Вместе с тем Николай в те годы увлекался художественными поисками — символизмом, новаторской техникой. Ему интересно было изображать предметы в четырехмерном пространстве: традиционные три измерения плюс время. Среди интеллектуальной молодежи того времени часто велись дебаты с мессианским оттенком: «Мы, молодежь, собирались для обсуждения, что есть добро, зло, совесть, долг, отстраненность человека»[116].
Он попадает под влияние новых художественных течений, особенно приветствуя Микалоюса Константинаса Чюрлёниса, и, в самом деле, старается подражать ему, на что сетует Бенуа-старший. В тот же период он посещает курс лекций у Василия Кандинского и Владимира Татлина (о них он сохраняет добрые воспоминания). Среди других ярких представителей школы русского авангарда, с которыми судьба сводит молодого художника, был и Казимир Малевич, но о нем Николай отзывается как о человеке достаточно мрачном.
Кроме театральной жизни, у Николая была и другая полупрофессиональная — полуобщественная деятельность.
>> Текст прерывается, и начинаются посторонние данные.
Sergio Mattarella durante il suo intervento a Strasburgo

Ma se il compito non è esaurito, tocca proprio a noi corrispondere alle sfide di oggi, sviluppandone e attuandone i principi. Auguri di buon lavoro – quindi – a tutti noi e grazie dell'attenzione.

Вместе с несколькими молодыми и энергичными представителями художественного цеха Николай занимался изготовлением огромных плакатов с большевистскими лозунгами и стихами Маяковского: этими гигантскими полотнищами закрывали целые фасады домов. Бенуа участвует в проведении пропагандистских работ не столько из политических убеждений, сколько от живости ума и характера, желания быть в гуще событий. Но была еще одна причина, обыденного характера: за подобный труд Николай получал дополнительную карточку на паек хлеба, а это было серьезным подспорьем для поддержания молодой семьи в тяжких условиях, в которых находилось население Петрограда.
Сочувствовал ли Николай Александрович Бенуа большевизму? Изучая его жизненный путь, автор пришла к выводу, что он оставался одинаково равнодушен ко всем политическим течениям и партиям, с которыми сводила его судьба. Ни в коммунистическую партию в России, ни в фашистскую партию в Италии он не вступал. Его аполитичность проявляется во всех эпизодах его биографии. Единственной его «политикой» оставался театр и только театр.
Глава 6
Отъезд
В 1923 г. Александр Николаевич Бенуа с супругой получают, хотя и с превеликими хлопотами, разрешение на выезд заграницу. Он намерен заработать в Европе немного денег, принимая предложения к сотрудничеству от Сергея Дягилева и Иды Рубинштейн. По окончании выездной визы, шесть месяцев спустя, супруги возвращаются в Россию, испуганные царящим в Германии хаосом и разочарованные общей политической ситуацией в Европе. Бенуа-отцу слегка за пятьдесят, но по возвращении в Петроград он впадает в глубокое уныние из-за ощущения того, что жизнь прошла. Он чувствует себя в диссонансе со временем, с эпохой.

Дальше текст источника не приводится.